**Material provided:**

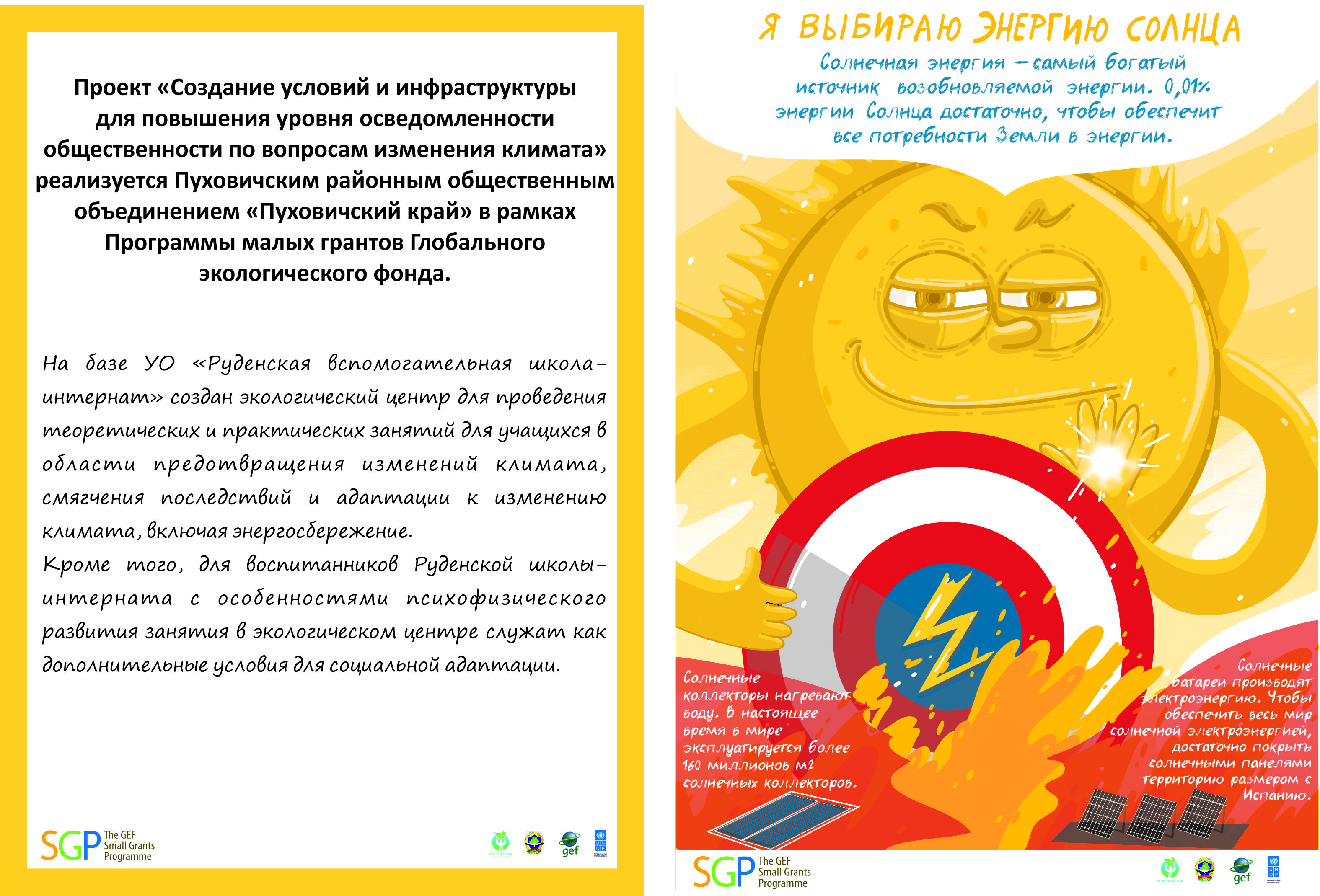 Project BLR/SGP/OP6/Y4/STAR/CC/18/09 - Creating conditions and infrastructure for raising public awareness about the issues of climate change (2018-2020). At present, an environmental information center has been created, equipped with all necessary equipment and is functioning in full for theoretical and practical training for students in the field of mitigating climate change, mitigating consequences and adapting to climate change, including energy conservation on the basis of the educational institution Rudenskaya Auxiliary School boarding school". Teachers have the opportunity to adapt ea...
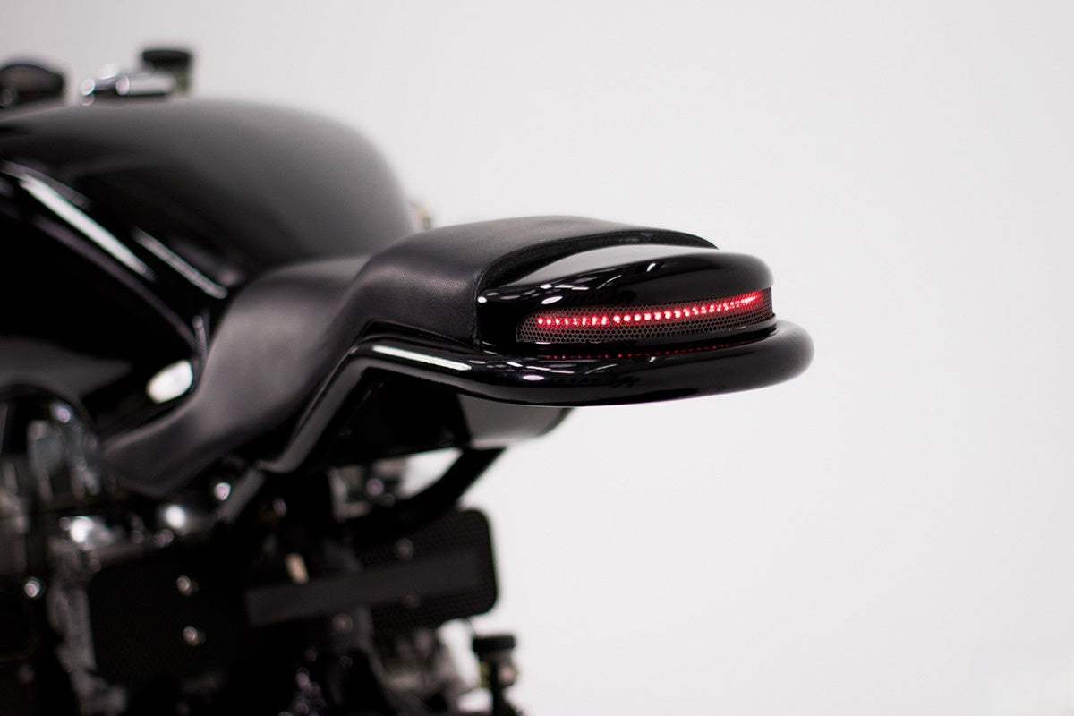 The monoshock conversion also meant a new rear subframe. So Colin designed and fabricated one that also neatly houses the electronics and the battery, despite the slim silhouette. The taillight is an integrated LED hidden behind the perforated plate in the tail section.
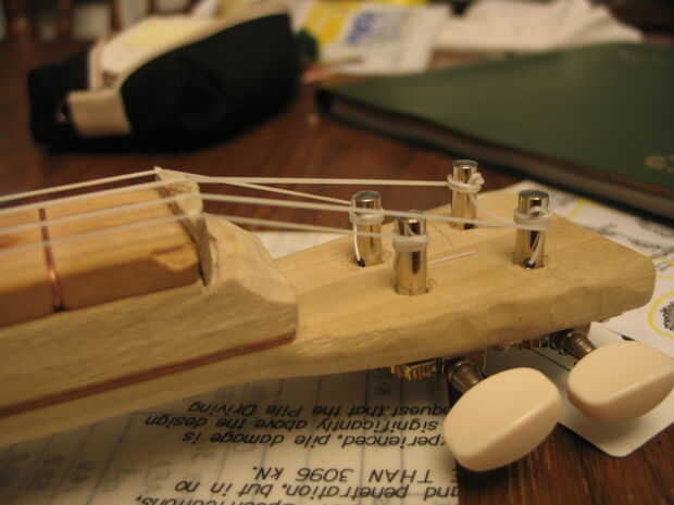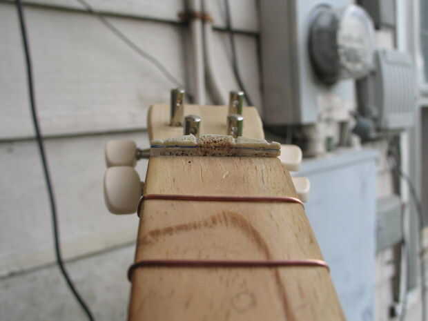 Esta es otra razón para hacer un nuevo puente. Presentar las ranuras de la tuerca y la silla de montar para aceptar las cuerdas y mantenerlas de deslizamiento hacia adelante y hacia atrás. Tuve un comienzo falso en la ranura de la silla de montar para la G de la secuencia que le permite saltar hacia los lados cuando pulsaba demasiado vigorosamente.

**What you will do:** Transcribe the listing exactly, skipping pictures.

**Output below:**
 Project BLR/SGP/OP6/Y4/STAR/CC/18/09 - Creating conditions and infrastructure for raising public awareness about the issues of climate change (2018-2020). At present, an environmental information center has been created, equipped with all necessary equipment and is functioning in full for theoretical and practical training for students in the field of mitigating climate change, mitigating consequences and adapting to climate change, including energy conservation on the basis of the educational institution Rudenskaya Auxiliary School boarding school". Teachers have the opportunity to adapt ea...
 The monoshock conversion also meant a new rear subframe. So Colin designed and fabricated one that also neatly houses the electronics and the battery, despite the slim silhouette. The taillight is an integrated LED hidden behind the perforated plate in the tail section.
 Esta es otra razón para hacer un nuevo puente. Presentar las ranuras de la tuerca y la silla de montar para aceptar las cuerdas y mantenerlas de deslizamiento hacia adelante y hacia atrás. Tuve un comienzo falso en la ranura de la silla de montar para la G de la secuencia que le permite saltar hacia los lados cuando pulsaba demasiado vigorosamente.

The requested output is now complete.